> _Task to carry out_
Where the line containing "IVER JOHNSON, MODEL: DOUBLE" appears below, begin there and reproduce each line exactly through the last one, omitting pictures.

::::

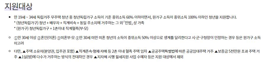 청년전월세득별지원 제외 대상
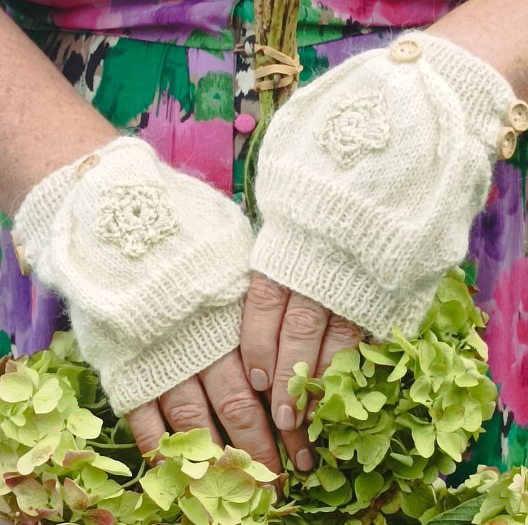 Hand knitted alpaca gloves with flaps, perfect for those cold days. Knitted on four needles to minimize seams and finished with a handmade with love in button. The yarn is highest quality 4ply weight alpaca. The flap folds over the fingers for those extra cold days.
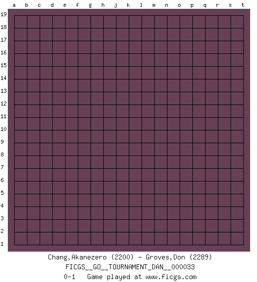 Last move : 0-1 2021 February 12 1:32:38 [Event "FICGS__GO__TOURNAMENT_DAN__000033"] [Site "FICGS"] [Date "2021.01.13"] [Round "1"] [Black "Chang,Akanezero"] [White "Groves,Don"] [Result "0-1"] [Rating 1 "2200"] [Rating 2 "2289"] 0-1 This go game has been lost on time (started : 2021.01.13 0:36:18) Here are the names of the openings (joseki) played in the four corners : Player White won this Go (weiqi, baduk) game. Follow this game move after move (download)The saki bottle shape is negative. (Anonymous) There are lots of people who mistake their imagination for their memory. (Josh Bilings)
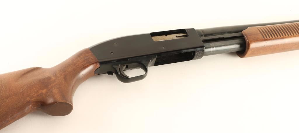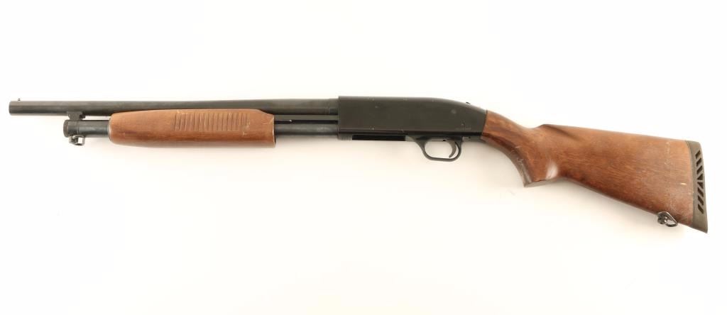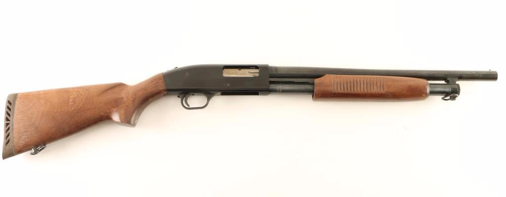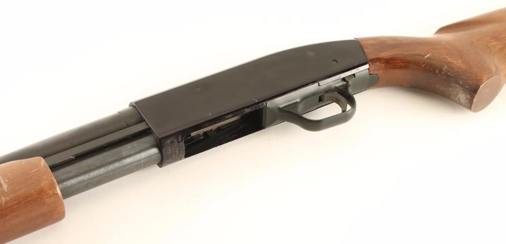 American made slide action repeating shotgun chambered for 2 3/4" & 3" 20 gauge shells, Features a blued/black finish, 18.5" cylinder bore barrel, brass bead front sight, 5 round tube magazine, drilled & tapped receiver, smooth trigger with beveled edges, sliding safety, sling swivels, grooved wood slide handle and pistol grip shoulder stock with recoil pad & 14" LOP. Shotgun exhibits approximately 90% of it's original finish showing light scattered handling marks and dried grease found throughout. Action is smooth, bore is good and wood stocks are good to very good with scattered blemishes. Condition is good. ***Modern Firearm***
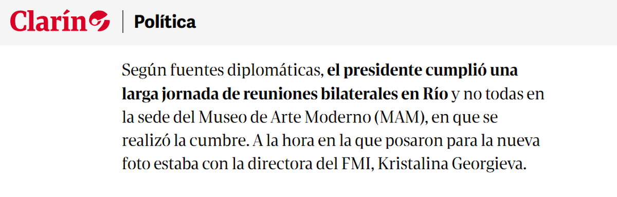 Lo insólito es que Georgieva sí está presente en la foto... entonces, las dudas continúan: ¿se trató de un desplante a Lula Da Silva? ¿El mandatario argentino no quiso salir en la foto? ¿Tuvo algún inconveniente personal?
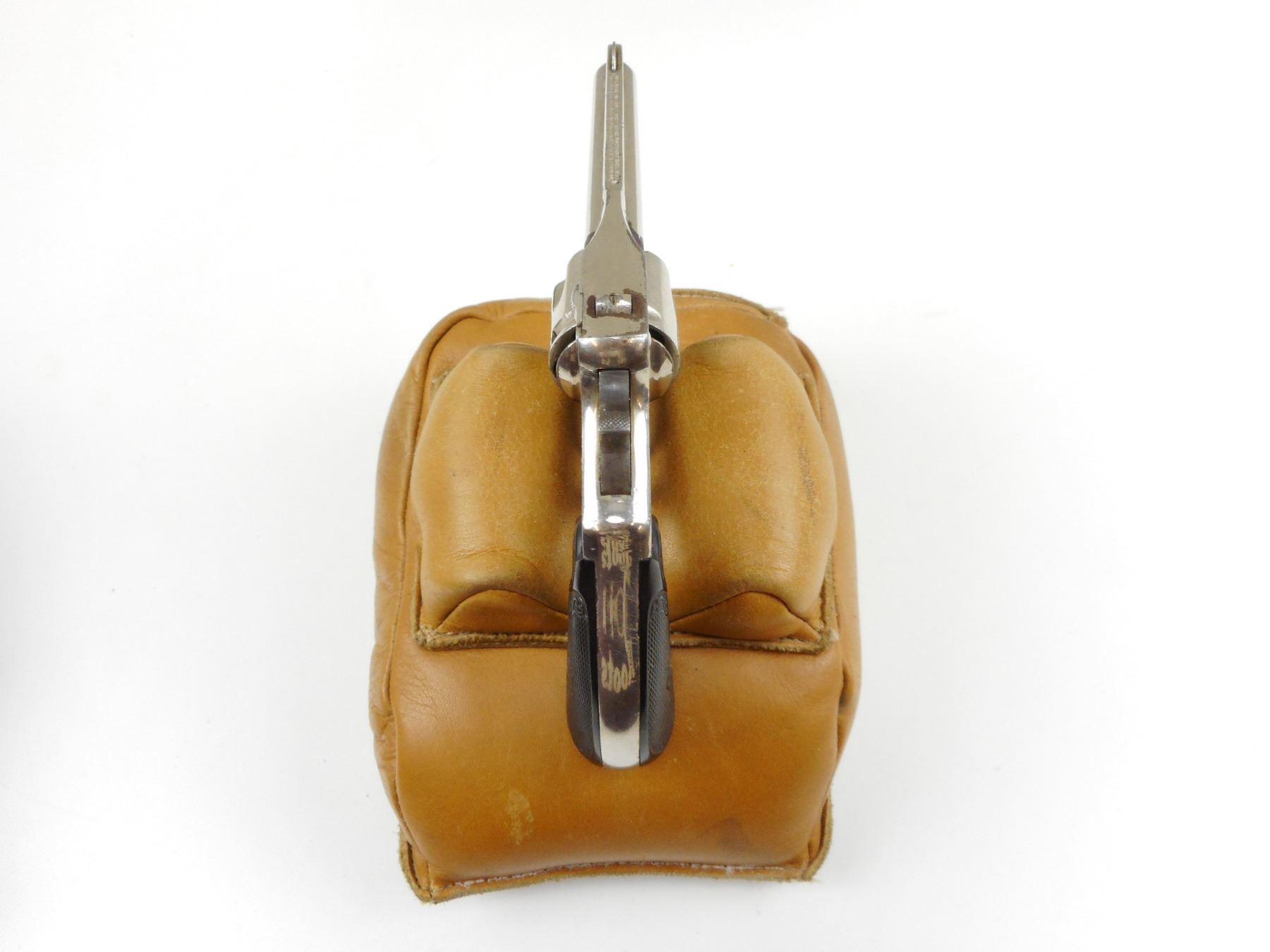 IVER JOHNSON, MODEL: DOUBLE ACTION AUTO EJECT, CALIBER: 32 S&W , ACTION IS TIGHT, HOLDS COCK AND INDEXESS WELL, CHECKERED PLASTIC GRIP PANELS, LIGHT FLAKING OF THE NICKEL FINISH, BLADE FRONT AND NOTCH REAR RAISED SIGHTS, BORE IS FAIR, SHOWS SOME HANDLING MARKS , ACTION: REVOLVER , BARREL LENGTH: 76MM , CONDITION: 5/10 , STOCK # 2464 , SERIAL # 63308 , CLASS: CANADIAN PROHIBITED CLASS
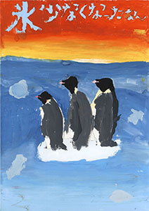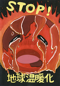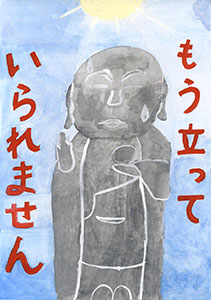 優秀賞の1つ「もう立っていられません」は、ユニークな作品です。地球温暖化といえば、太陽、あるいはホッキョクグマやペンギンなど、遠くの星や遠い外国の生き物がよく描かれますが、身近な題材であるお地蔵さんをテーマにした作品は珍しい。お地蔵さんは擬人化されており、辛そうな様子が表現されています。灰色をベタ塗りせず、お地蔵さんの石の質感を捉えている点も良いです。特に良い点は、太陽の表現です。太陽の色といえば、赤やオレンジ色がよく使われますが、ここでは白っぽい黄色が使われています。また、太陽には輪郭線がありません。このため、「直射日光」ともいえる太陽の光がリアルに描かれていると感じました。

::::

> _Response_
 IVER JOHNSON, MODEL: DOUBLE ACTION AUTO EJECT, CALIBER: 32 S&W , ACTION IS TIGHT, HOLDS COCK AND INDEXESS WELL, CHECKERED PLASTIC GRIP PANELS, LIGHT FLAKING OF THE NICKEL FINISH, BLADE FRONT AND NOTCH REAR RAISED SIGHTS, BORE IS FAIR, SHOWS SOME HANDLING MARKS , ACTION: REVOLVER , BARREL LENGTH: 76MM , CONDITION: 5/10 , STOCK # 2464 , SERIAL # 63308 , CLASS: CANADIAN PROHIBITED CLASS
 優秀賞の1つ「もう立っていられません」は、ユニークな作品です。地球温暖化といえば、太陽、あるいはホッキョクグマやペンギンなど、遠くの星や遠い外国の生き物がよく描かれますが、身近な題材であるお地蔵さんをテーマにした作品は珍しい。お地蔵さんは擬人化されており、辛そうな様子が表現されています。灰色をベタ塗りせず、お地蔵さんの石の質感を捉えている点も良いです。特に良い点は、太陽の表現です。太陽の色といえば、赤やオレンジ色がよく使われますが、ここでは白っぽい黄色が使われています。また、太陽には輪郭線がありません。このため、「直射日光」ともいえる太陽の光がリアルに描かれていると感じました。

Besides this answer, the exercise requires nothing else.